## Task statement
Write out each line of the material exactly as given, and drop the images.
+--
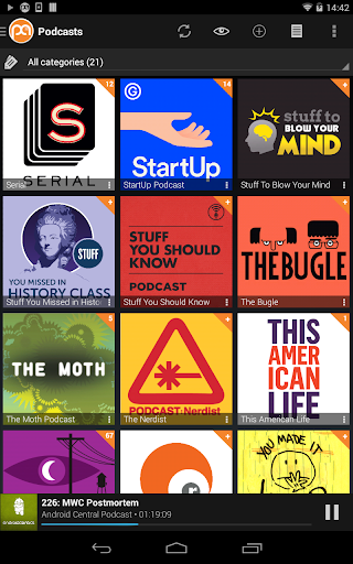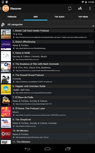 Subscribe to your favorite podcasts using the embedded networks (5by5, ABC, AfterBuzz TV, BBC, CNN, Carolla Digital, ESPN, FrogPants, LibriVox, Nerdist, NPR, Revision3, Smodcast, Ted Talks, Twit, NPO, ...).
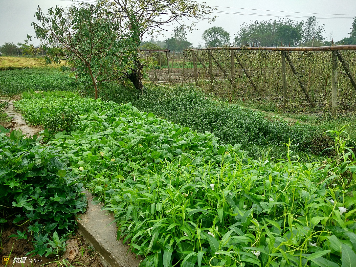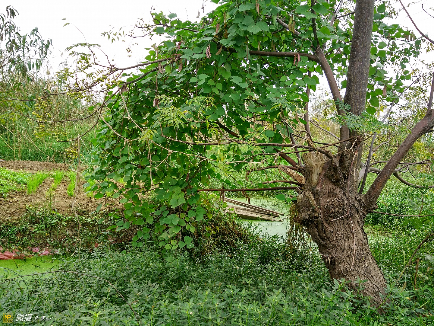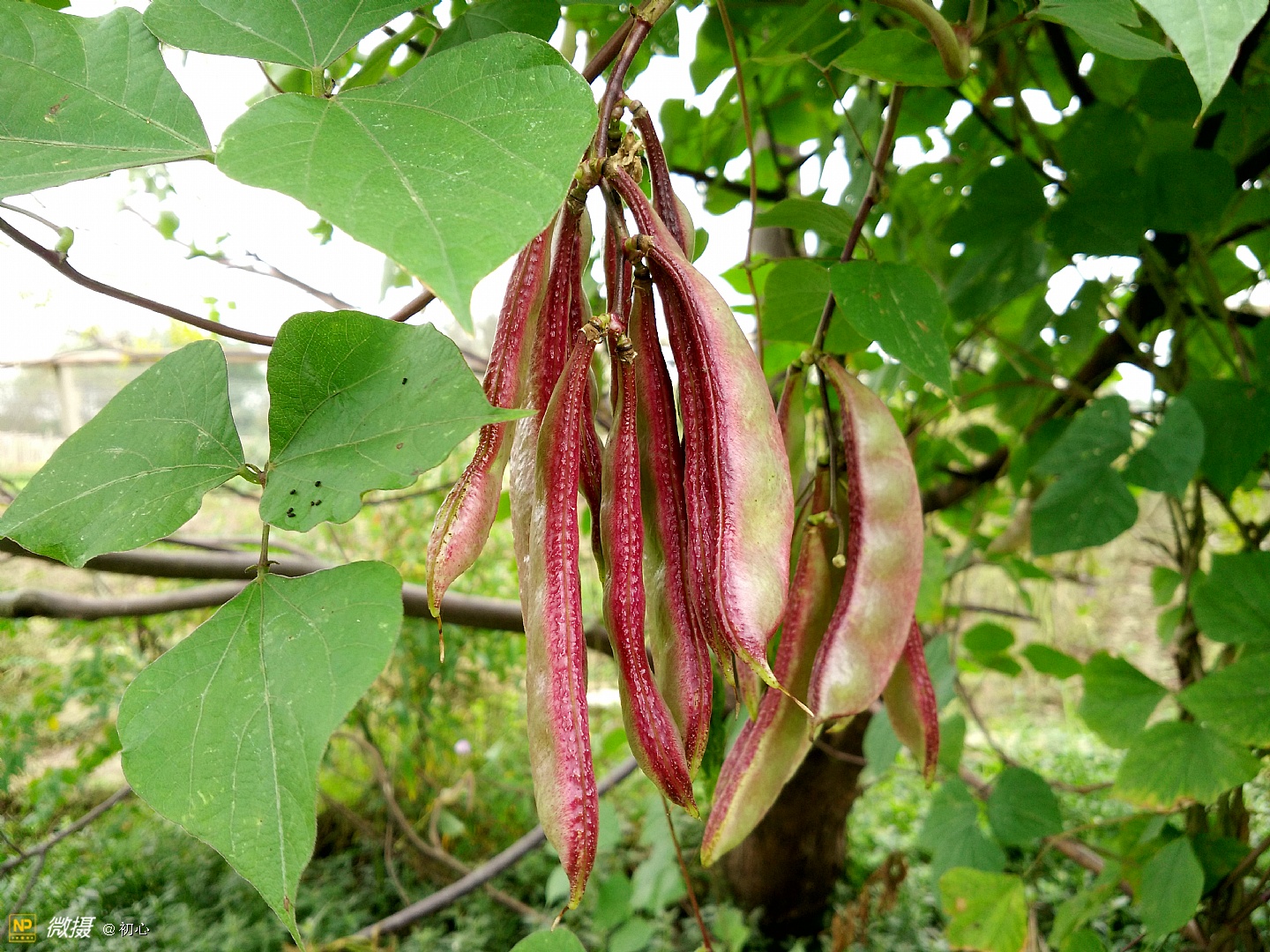 菜地边角种的一颗扁豆,扁豆藤攀上了树,上面挂了好多扁豆够不着。
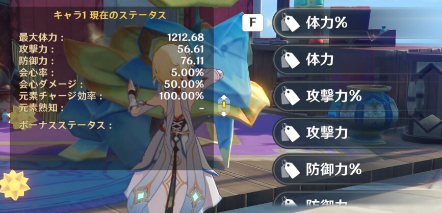 こちらのステータス調整は、聖遺物装備によるパラメーター上昇と同じように、実数・%で変更が可能。疑似的な聖遺物のシミュレーションも出来そうです。なお、元素熟知に関する項目は、星々の幻境の仕組みの関係で画面表示や変更ができないようです。
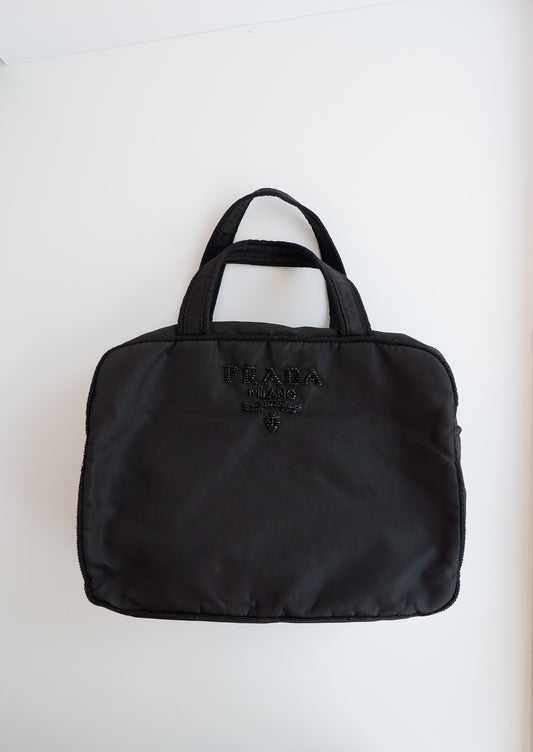 Authentic Preowned Prada Black Nylon Beaded Logo Handbag
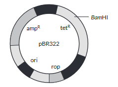 A foreign DNA was ligated at BamH1. The transformants were then grown in a medium containing antibiotics tetracycline and ampicillin.
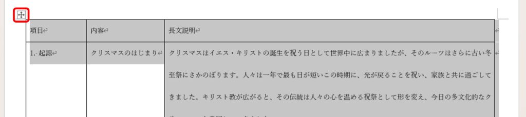 表の一番上に行って、十字のアイコンをクリックし、表を全選択する。
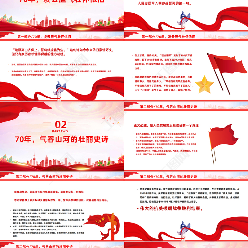 2023抗美援朝戰爭勝利70周年PPT紅色黨政風紀念抗美援朝戰爭勝利70周年專題黨課課件模板下載 Array
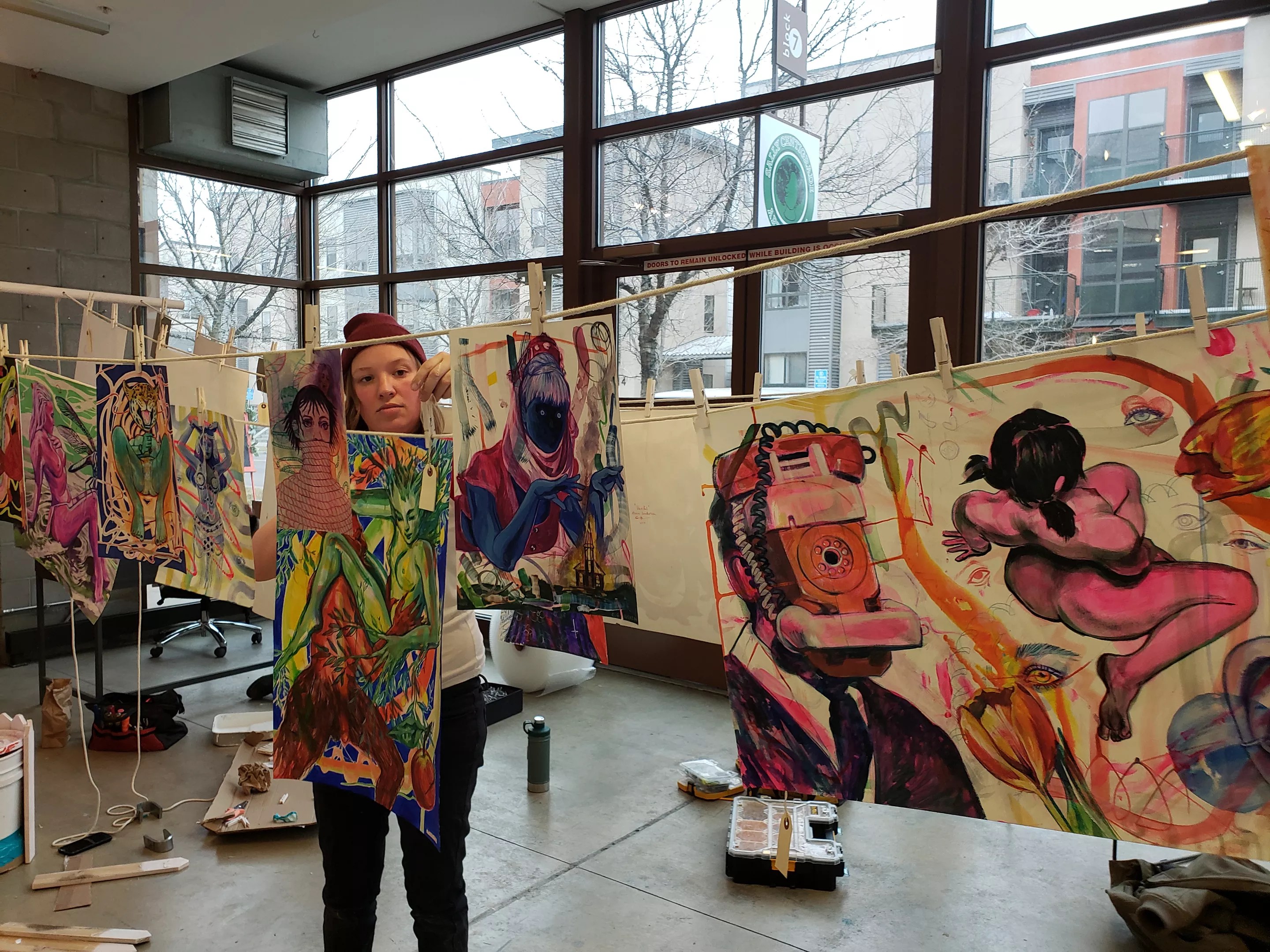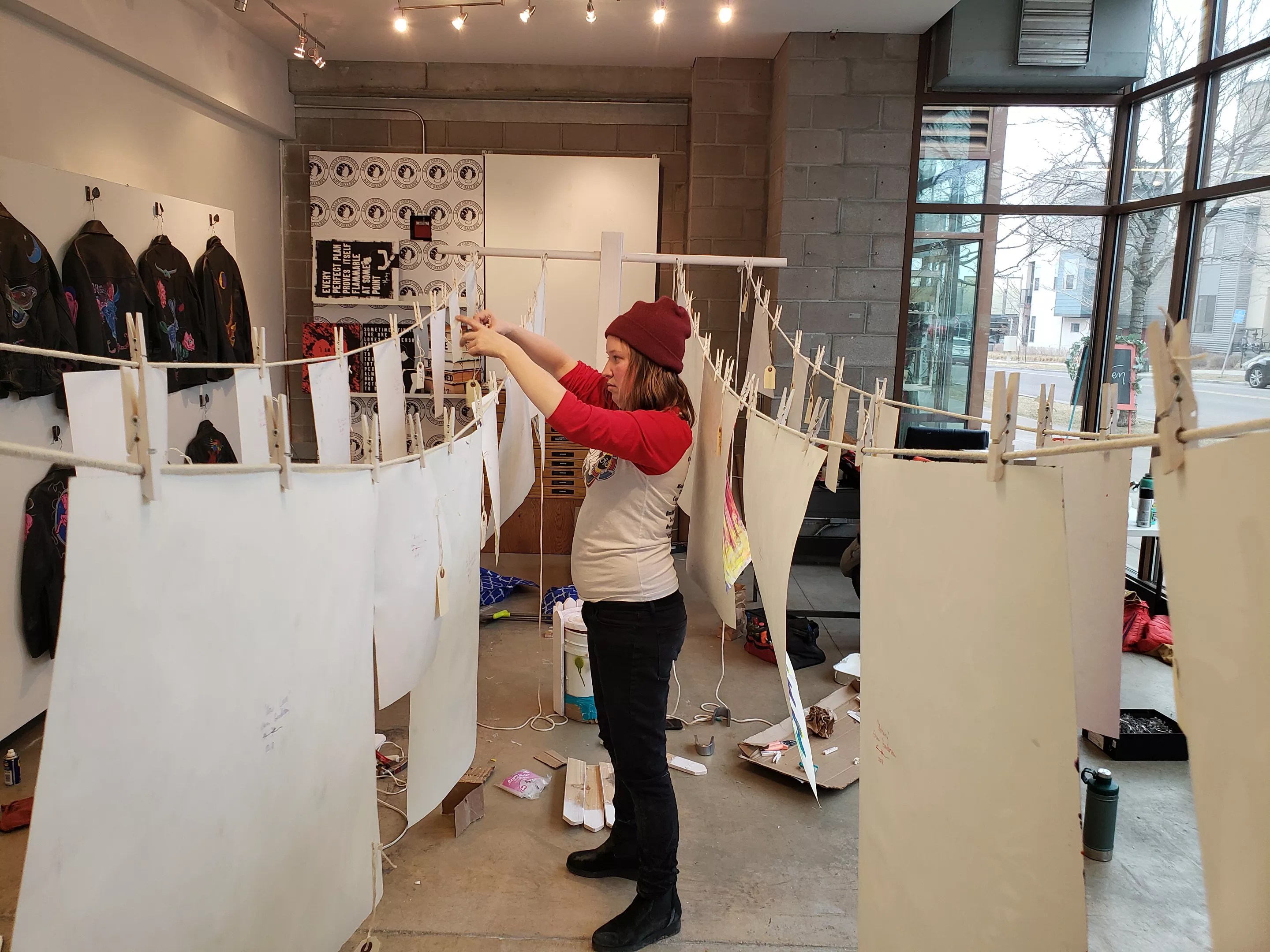 Elena Gunderson hangs new work on a custom-built laundry line for Dirty Laundry, opening March 7 at Sally Centigrade.
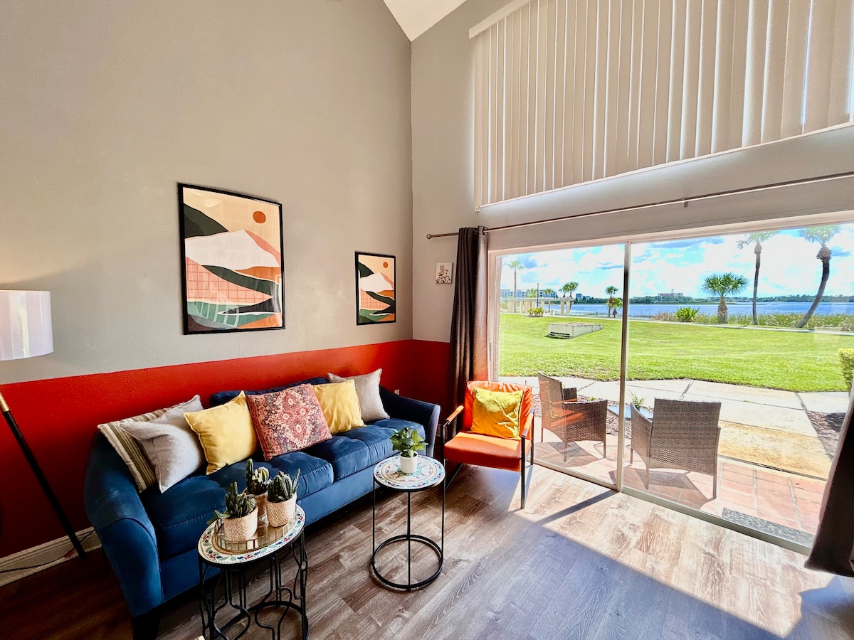 While away balmy evenings on the oversized screened patio and rest tired legs in the hot tub after a long day at the parks. This airy, spacious abode combines patterned rugs and cushions with leafy house plants and botanical prints for a calm vibe.
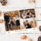 Cartão de modelo Elegante de Foto de Natal com um texto que diz "Esta é a estação para ser feliz" na parte inferior com uma ilustração. 3 fotos na frente e 1 na parte traseira.
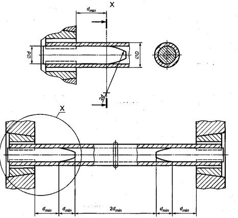 Рисунок 4 - Цилиндрические образцы для материалов высокой прочности 5.5.4 Требования к поверхности Окончательную механическую обработку необходимо выполнять на режимах, исключающих деформацию, перегрев или поверхностную закалку материала испытательного образца. На поверхности рабочей части Lc не допускаются царапины, забоины, надрезы, расположенные поперек оси образца, кроме подрезов сварного шва, допускаемых соответствующим стандартом. Если нет других указаний в стандартах или иной технической документации на изделие, выпуклости сварного шва с обеих сторон удаляют механической обработкой до уровня основного металла, за исключением выпуклости внутри трубы при испытании полного сечения труб. 6 Процедура испытанияПри испытании образец подвергают нарастающей нагрузке в соответствии с ИСО 6892-1. 7 Результаты испытаний7.1 Общие положенияРезультаты испытаний необходимо определять в соответствии с ИСО 6892-1. 7.2 Место разрушенияМесто разрушения указывают в протоколе испытаний. При необходимости место расположения сварного шва определяют травлением образца. 7.3 Контроль поверхности разрушенияПоверхность разрушения после испытаний образца должна быть обследована на наличие дефектов, которые могли повлиять на результаты испытаний. Вид дефектов и их размеры должны быть занесены в протокол испытаний. При наличии дефектов вида «рыбий глаз» они должны быть описаны в протоколе, при этом только их центральные области следует рассматривать как дефекты. 8 Протокол испытанийПротокол должен включать следующую информацию дополнительно к тому, что указано в ИСО 6892-1: a) ссылки на настоящий стандарт, т.е. на ГОСТ Р ИСО 4136; b) тип и место вырезки испытательного образца, эскиз, если требуется (см. рисунок 1); c) температура испытаний, если отличается от нормальной; d) место разрушения; e) типы и размеры обнаруженных дефектов. Пример формы типового протокола приведен в приложении А. Приложение А
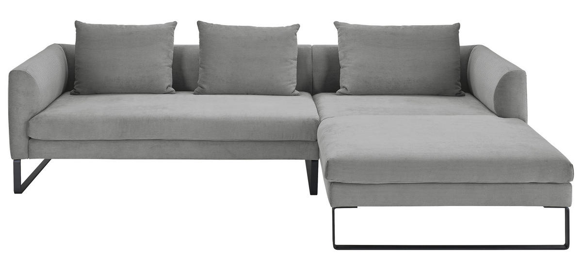 Als treue Begleitung für wonnige Time-outs daheim gesellt sich dieses graue Ecksofa mit Feincord-Bezug gerne zu Ihnen!
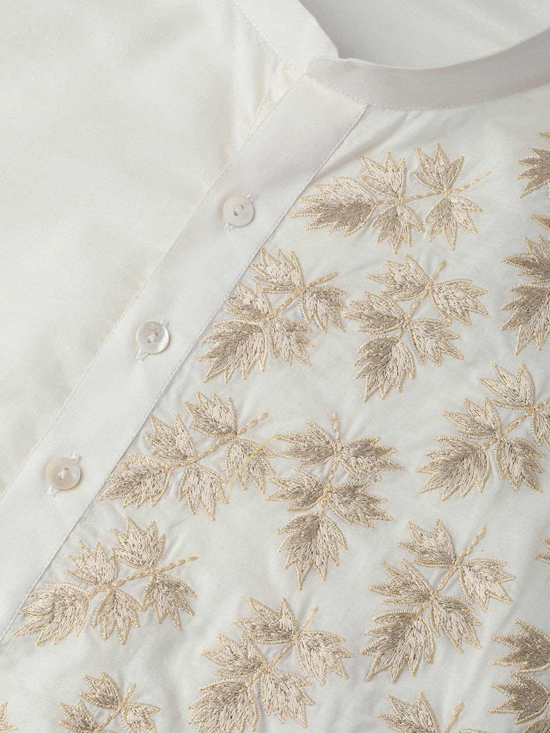 Men's Off White Cotton Thread Embroidered Kurta Pajama Set
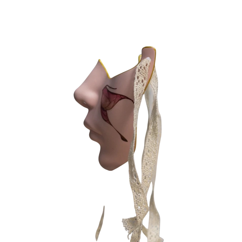 - Design: puolikas naamio tyylikkäällä kuvioinnilla
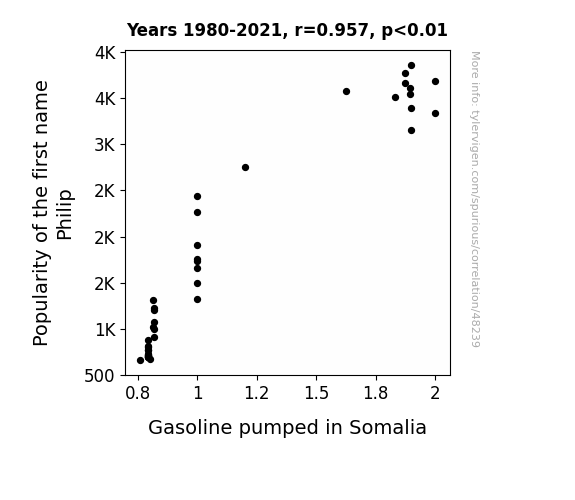 This means 91.6% of the change in the one variable (i.e., Gasoline pumped in Somalia) is predictable based on the change in the other (i.e., Popularity of the first name Philip) over the 42 years from 1980 through 2021.
+--
## Result
 Subscribe to your favorite podcasts using the embedded networks (5by5, ABC, AfterBuzz TV, BBC, CNN, Carolla Digital, ESPN, FrogPants, LibriVox, Nerdist, NPR, Revision3, Smodcast, Ted Talks, Twit, NPO, ...).
 菜地边角种的一颗扁豆,扁豆藤攀上了树,上面挂了好多扁豆够不着。
 こちらのステータス調整は、聖遺物装備によるパラメーター上昇と同じように、実数・%で変更が可能。疑似的な聖遺物のシミュレーションも出来そうです。なお、元素熟知に関する項目は、星々の幻境の仕組みの関係で画面表示や変更ができないようです。
 Authentic Preowned Prada Black Nylon Beaded Logo Handbag
 A foreign DNA was ligated at BamH1. The transformants were then grown in a medium containing antibiotics tetracycline and ampicillin.
 表の一番上に行って、十字のアイコンをクリックし、表を全選択する。
 2023抗美援朝戰爭勝利70周年PPT紅色黨政風紀念抗美援朝戰爭勝利70周年專題黨課課件模板下載 Array
 Elena Gunderson hangs new work on a custom-built laundry line for Dirty Laundry, opening March 7 at Sally Centigrade.
 While away balmy evenings on the oversized screened patio and rest tired legs in the hot tub after a long day at the parks. This airy, spacious abode combines patterned rugs and cushions with leafy house plants and botanical prints for a calm vibe.
 Cartão de modelo Elegante de Foto de Natal com um texto que diz "Esta é a estação para ser feliz" na parte inferior com uma ilustração. 3 fotos na frente e 1 na parte traseira.
 Рисунок 4 - Цилиндрические образцы для материалов высокой прочности 5.5.4 Требования к поверхности Окончательную механическую обработку необходимо выполнять на режимах, исключающих деформацию, перегрев или поверхностную закалку материала испытательного образца. На поверхности рабочей части Lc не допускаются царапины, забоины, надрезы, расположенные поперек оси образца, кроме подрезов сварного шва, допускаемых соответствующим стандартом. Если нет других указаний в стандартах или иной технической документации на изделие, выпуклости сварного шва с обеих сторон удаляют механической обработкой до уровня основного металла, за исключением выпуклости внутри трубы при испытании полного сечения труб. 6 Процедура испытанияПри испытании образец подвергают нарастающей нагрузке в соответствии с ИСО 6892-1. 7 Результаты испытаний7.1 Общие положенияРезультаты испытаний необходимо определять в соответствии с ИСО 6892-1. 7.2 Место разрушенияМесто разрушения указывают в протоколе испытаний. При необходимости место расположения сварного шва определяют травлением образца. 7.3 Контроль поверхности разрушенияПоверхность разрушения после испытаний образца должна быть обследована на наличие дефектов, которые могли повлиять на результаты испытаний. Вид дефектов и их размеры должны быть занесены в протокол испытаний. При наличии дефектов вида «рыбий глаз» они должны быть описаны в протоколе, при этом только их центральные области следует рассматривать как дефекты. 8 Протокол испытанийПротокол должен включать следующую информацию дополнительно к тому, что указано в ИСО 6892-1: a) ссылки на настоящий стандарт, т.е. на ГОСТ Р ИСО 4136; b) тип и место вырезки испытательного образца, эскиз, если требуется (см. рисунок 1); c) температура испытаний, если отличается от нормальной; d) место разрушения; e) типы и размеры обнаруженных дефектов. Пример формы типового протокола приведен в приложении А. Приложение А
 Als treue Begleitung für wonnige Time-outs daheim gesellt sich dieses graue Ecksofa mit Feincord-Bezug gerne zu Ihnen!
 Men's Off White Cotton Thread Embroidered Kurta Pajama Set
 - Design: puolikas naamio tyylikkäällä kuvioinnilla
 This means 91.6% of the change in the one variable (i.e., Gasoline pumped in Somalia) is predictable based on the change in the other (i.e., Popularity of the first name Philip) over the 42 years from 1980 through 2021.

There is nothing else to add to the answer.